====== DATASET RECORDS
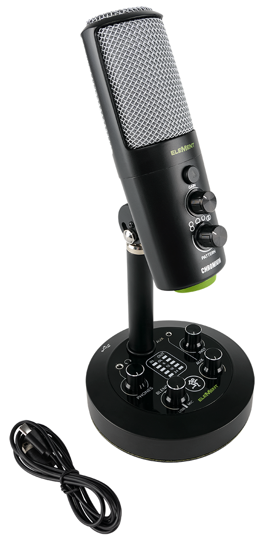 O microfone condensador USB Chromium Premium possui um mixer integrado de dois canais com entradas de instrumento e estéreo de 1/8”. Este microfone “plug and play” oferece quatro padrões polares, incluindo estéreo, cardióide, bidirecional e omnidirecional. Equipado com suporte para mixer integrado, cabo USB-C e taxa de amostragem de 16 bits/48 kHz, o Chromium foi projetado para gravar música, podcasts, transmissões ao vivo e criação de conteúdo on-line.
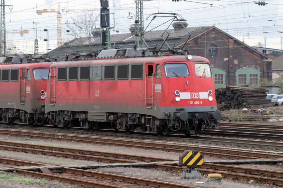 | 110 462 durchfährt am 10.12.2006 mit einer weiteren 110er den Hbf. Mannheim. Die Lok trägt noch den Aufkleber "3-Löwen-Takt". Im Hintergrund ist ein ehemaliger Lokschuppen aus den 1870er-Jahren sichtbar, den letzten erhaltenen Gebäudeteilen des alten Mannheimer Bahnhofs, der heute wieder mit anderer Funktion "zum Leben" erweckt wurde. | |
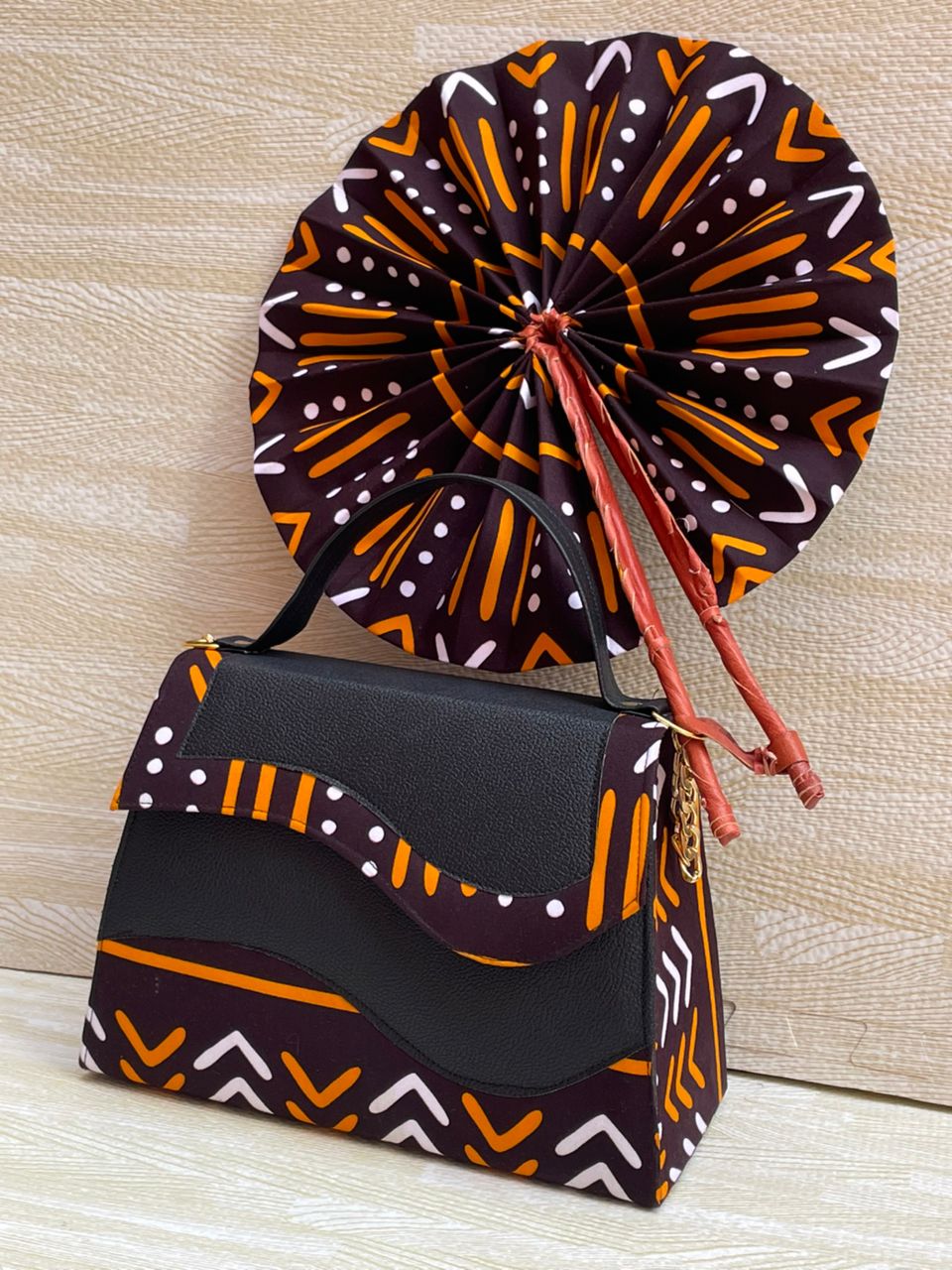 Aujourd’hui, choisis le sac africain avec éventail assorti :
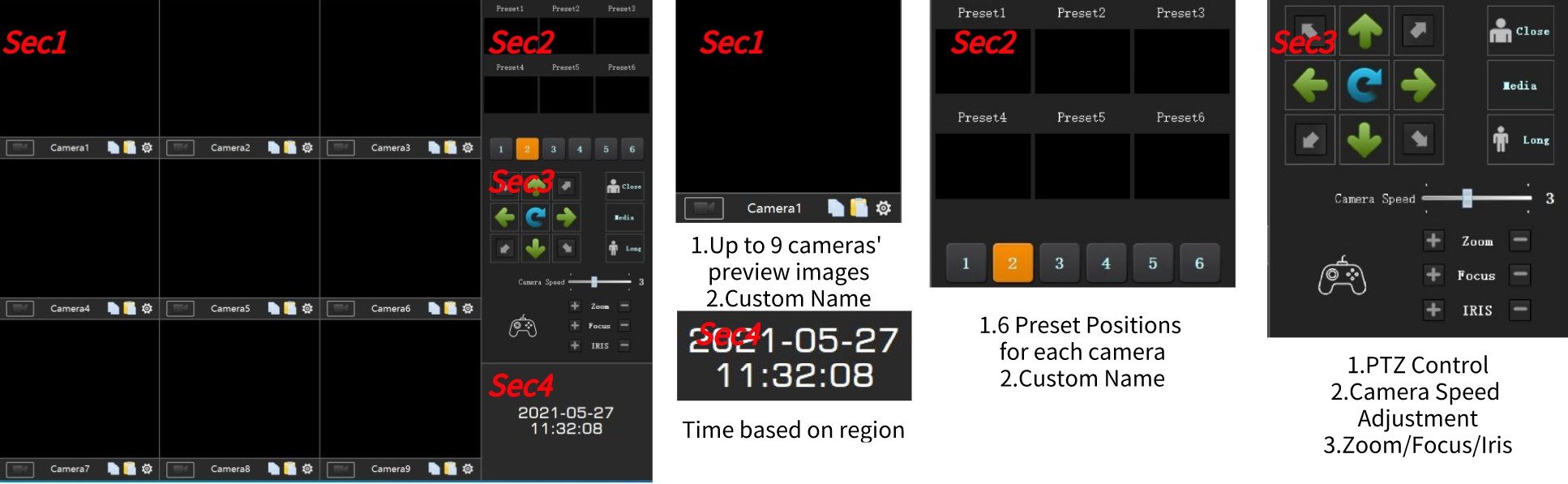 ZowiePTZ APP supports simultaneous previews of 9 cameras, it also supports another option of 4-camera image preview as shown in the right. And with a simple double-click, all the cameras can be altered.
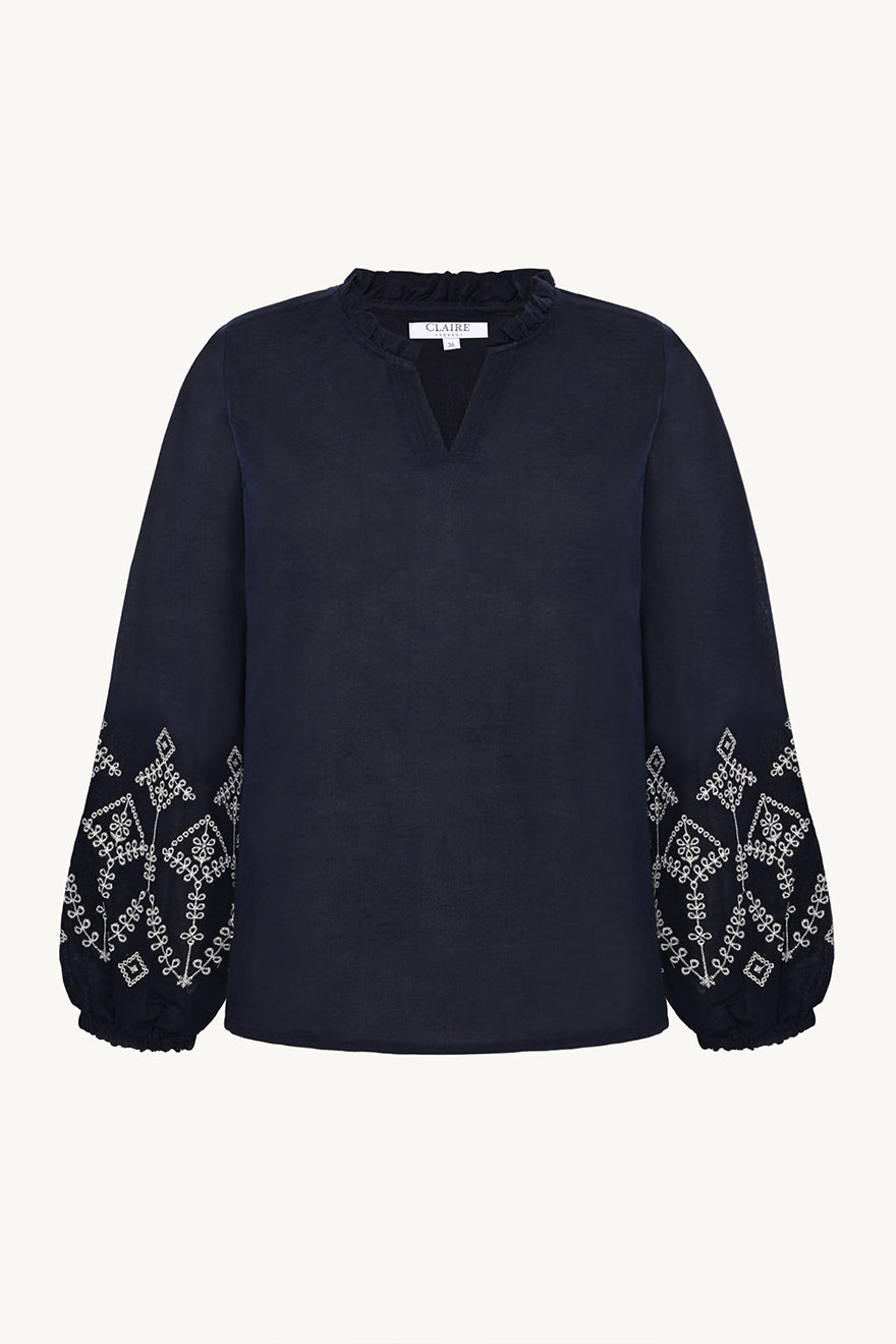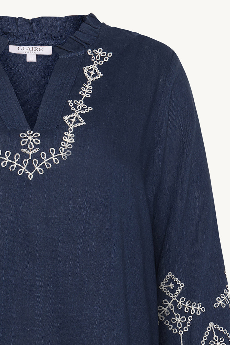 Blouse in a woven linen blend with V-neck and ruffle collar. The blouse has embroidered details on the chest and sleeves, as well as elasticated sleeves, slits in the sides and a longer back.
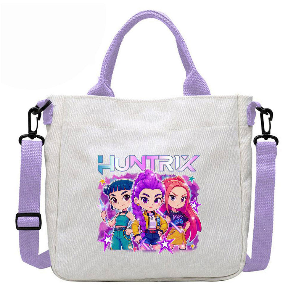 Details • Size : 9.5" X 9" X 2.25" • Top Handle Size : 3.5" L • Strap Size : 41" L / Detachable, Adjustable • Magnetic Closure • Material : 100% Polyester • Stylish tote bag featuring bold HUNTR/X character artwork with a practical carry design ideal for daily errands, shopping, events, conventions, or casual outings. Lightweight and spacious enough for essentials, making it a versatile accessory for fans and everyday use.
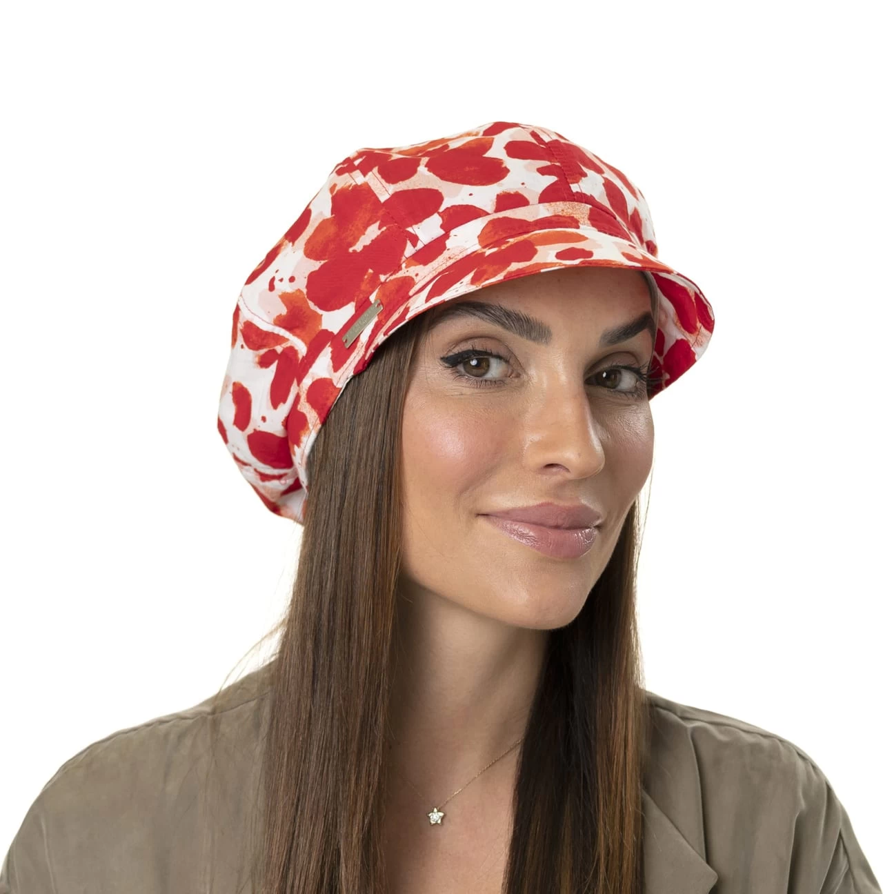 Sommerliche Leichtigkeit bieten auch das Gewebe und Futter aus 100% atmungsaktiver und hautsympathischer Baumwolle. Zum femininen Kleid kombiniert oder zur Jeans und T-Shirt getragen, macht die Kappe stets einen pfiffigen Eindruck. Ein am Hinterkopf integriertes Stretchband sorgt für eine bequeme Passform.
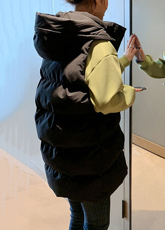 New Beige Hooded Pockets Cotton Filled Waistcoat Sleeveless YW016
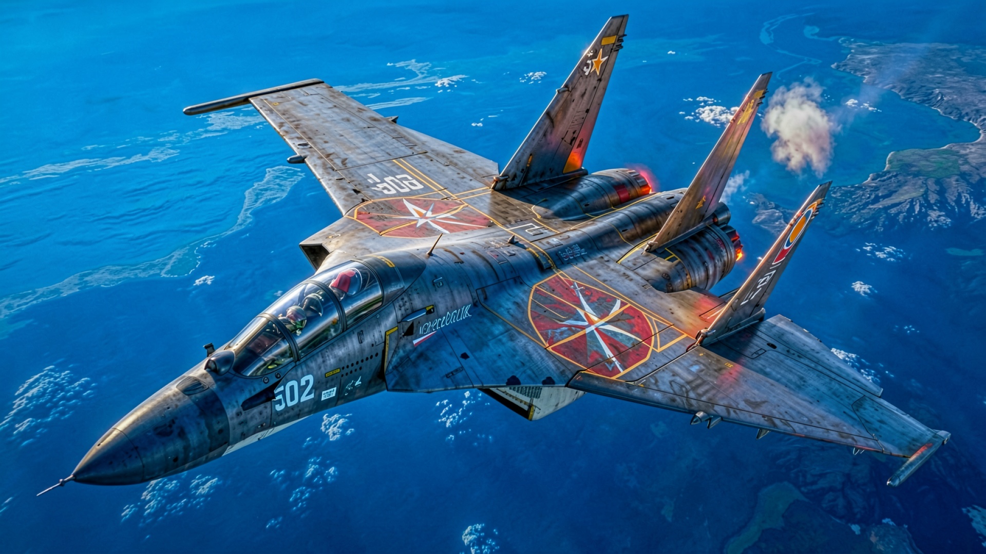 Истребитель Су-27 серый стальной над океаном
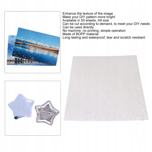 5. Materiał BOPP: holograficzne arkusze laminatu A4 wykonane z materiału BOPP, trwałe i wodoodporne, odporne na rozdarcia i zarysowania.
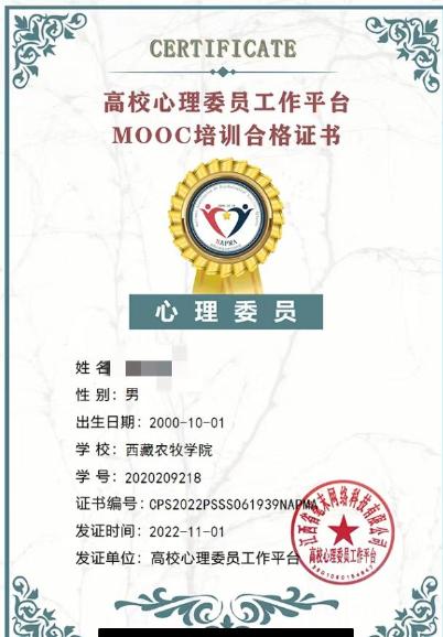 为进一步完善学校心理健康教育四级网络体系,加强心理健康教育学生骨干队伍建设,充分发挥班级心理委员的朋辈辅导和基础预警作用,提高班级心理委员的工作能力和工作水平,近期,学生工作处大学生心理健康咨询中心组织开展2019级、2020级和2021级班级心理委员MOOC培训认证工作,共132名心理委员参加,132人通过考核认证获得结业证书。
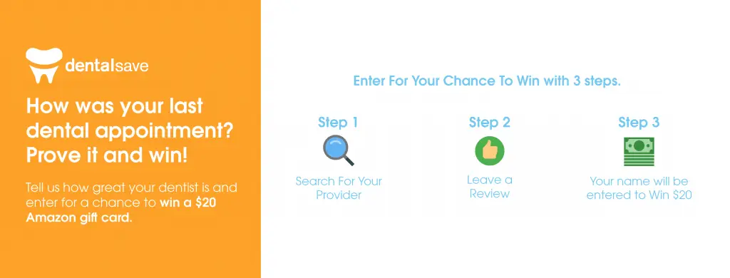 DentalSave is even more rewarding when it’s shared. That’s why we want to hear from you! Tell us about your dentist experience and we’ll enter you into our drawing for a $20 Amazon gift card.
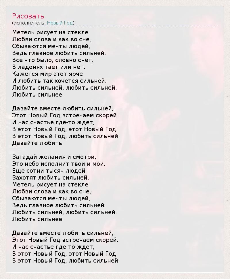 Метель рисует на стекле Любви слова и как во сне, Сбываются мечты людей, Ведь главное любить сильней. Все что было, словно снег, В ладонях тает или нет. Кажется мир этот ярче И любить так хочется сильней. Любить сильней, любить сильней. Любить сильнее. Давайте вместе любить сильней, Этот Новый Год встречаем скорей. И нас счастье где-то ждет, В этот Новый Год, этот Новый Год. В этот Новый Год, любить сильней Давайте любить. Загадай желания и смотри, Это небо исполнит твои и мои. Еще сотни тысяч людей Захотят любить сильней. Метель рисует на стекле Любви слова и как во сне, Сбываются мечты людей, Ведь главное любить сильней. Любить сильней, любить сильней. Любить сильнее. Давайте вместе любить сильней, Этот Новый Год встречаем скорей. И нас счастье где-то ждет, В этот Новый Год, этот Новый Год. В этот Новый Год, любить сильней.
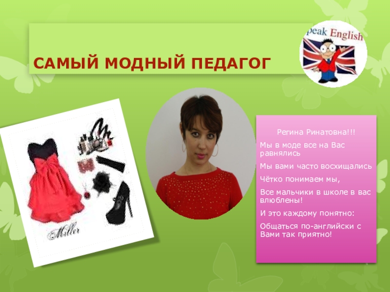 Самый модный педагогРегина Ринатовна!!!Мы в моде все на Вас равнялисьМы вами часто восхищалисьЧётко понимаем мы,Все мальчики в
============
## TO DO
From the line holding "为进一步完善学校心理健康教育" to the line holding "DentalSave is even", both included, retype the entries above exactly and drop the pictures.

## THE ANSWER
 为进一步完善学校心理健康教育四级网络体系,加强心理健康教育学生骨干队伍建设,充分发挥班级心理委员的朋辈辅导和基础预警作用,提高班级心理委员的工作能力和工作水平,近期,学生工作处大学生心理健康咨询中心组织开展2019级、2020级和2021级班级心理委员MOOC培训认证工作,共132名心理委员参加,132人通过考核认证获得结业证书。
 DentalSave is even more rewarding when it’s shared. That’s why we want to hear from you! Tell us about your dentist experience and we’ll enter you into our drawing for a $20 Amazon gift card.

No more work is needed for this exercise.